5. Escribe san Agustín que, “como el ser nacido significa para el Hijo proceder del Padre, así el ser Don es para el Espíritu Santo proceder del Padre y del Hijo” (De Trinitate, IV, 20: PL 42, 908). Existe en el Espíritu Santo una equivalencia entre el ser-Amor y el ser-Don. Explica muy bien santo Tomás: “El amor es la razón de un don gratuito, que se hace a una persona porque se la quiere bien. El primer don es, pues, el amor (amor habet rationem primi doni)... Por eso, si el Espíritu Santo procede como Amor, procede también como primer Don” (Summa Theologiae, I 38,2). Todos los demás dones son distribuidos entre los miembros del cuerpo de Cristo por el Don que es el Espíritu Santo, concluye el Angélico, con san Agustín (De Trinitate, XV, 19: PL 42, 1084).

6. Al estar en el origen de todos los demás dones concedidos a las creaturas, el Espíritu Santo, Amor-Persona, Don increado, es como una fuente (fons vivus), de la que deriva todo en la creación; es como un fuego de amor (ignis caritas), que lanza destellos de realidad y de bondad a todas las cosas (dona creata). Se trata del don de la existencia concedida, mediante el acto de la creación y de la gracia, a los ángeles y a los hombres en la economía de la salvación. Por esto, el apóstol Pablo escribe: “el amor de Dios ha sido derramado en nuestros corazones por el Espíritu Santo que nos ha sido dado” (Rm 5,5).
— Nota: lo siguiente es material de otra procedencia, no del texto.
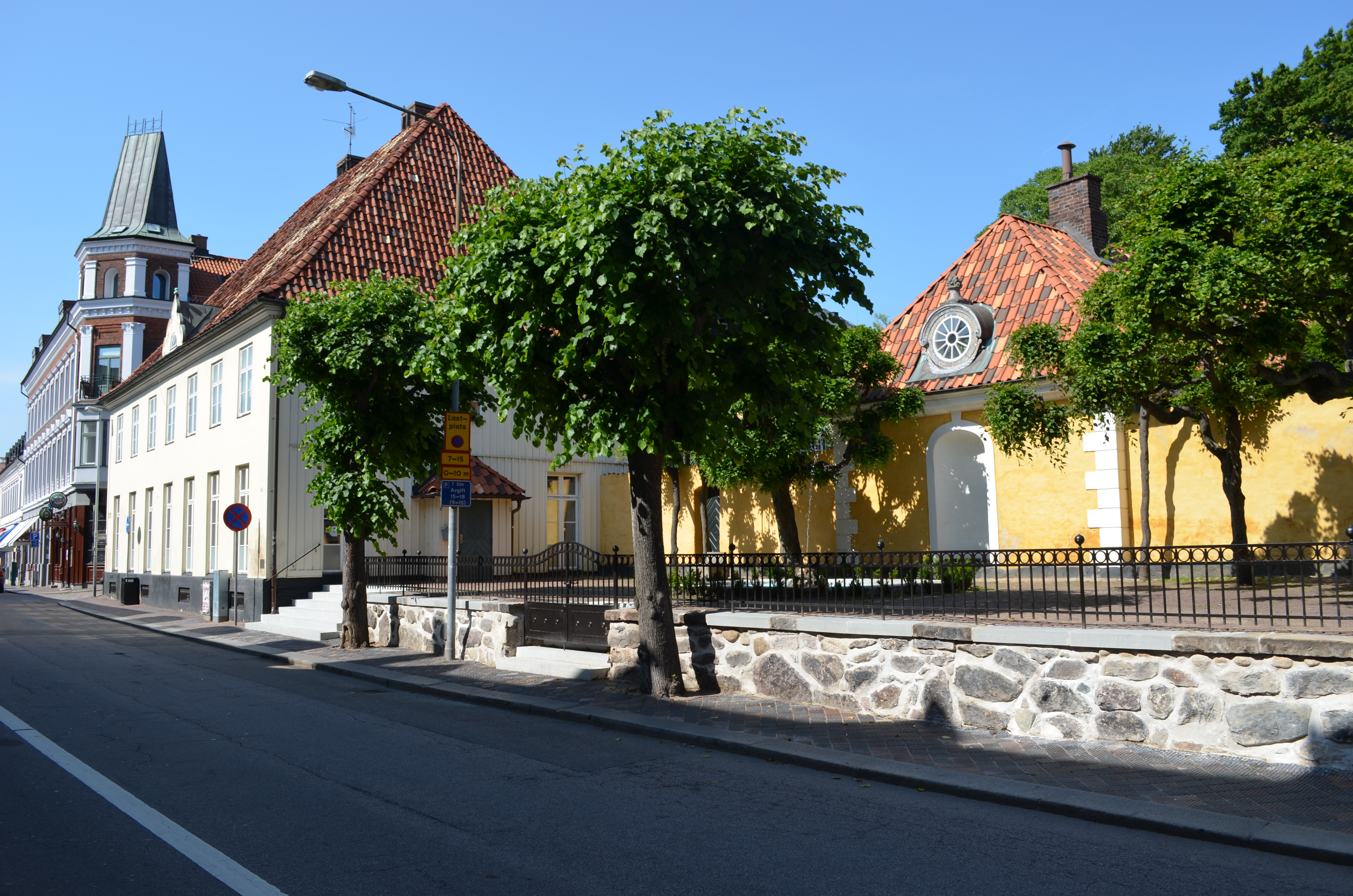 Garden at Henckelska gården in Helsingborg

7. También este texto paulino es una síntesis de cuanto enseñan los Apóstoles inmediatamente tras Pentecostés. “Convertíos, ?exhortaba Pedro?, y que cada uno de vosotros se haga bautizar en el nombre de Jesucristo, para remisión de vuestros pecados; y recibiréis el don del Espíritu Santo” (Ac 2,38). Poco después, el mismo Apóstol, enviado al centurión Cornelio para bautizarlo, podrá comprender por la experiencia de una revelación divina “que el don del Espíritu Santo había sido derramado también sobre los gentiles”(cf. Ac 10,45). Los Hechos registran también el episodio de Simón el Mago, que quiso “comprar con dinero” el Espíritu Santo. Simón Pedro le reprochará duramente eso, afirmando que el Espíritu Santo es sólo don, y se recibe de forma gratuita, precisamente como don de Dios (cf. Ac 8,19-23).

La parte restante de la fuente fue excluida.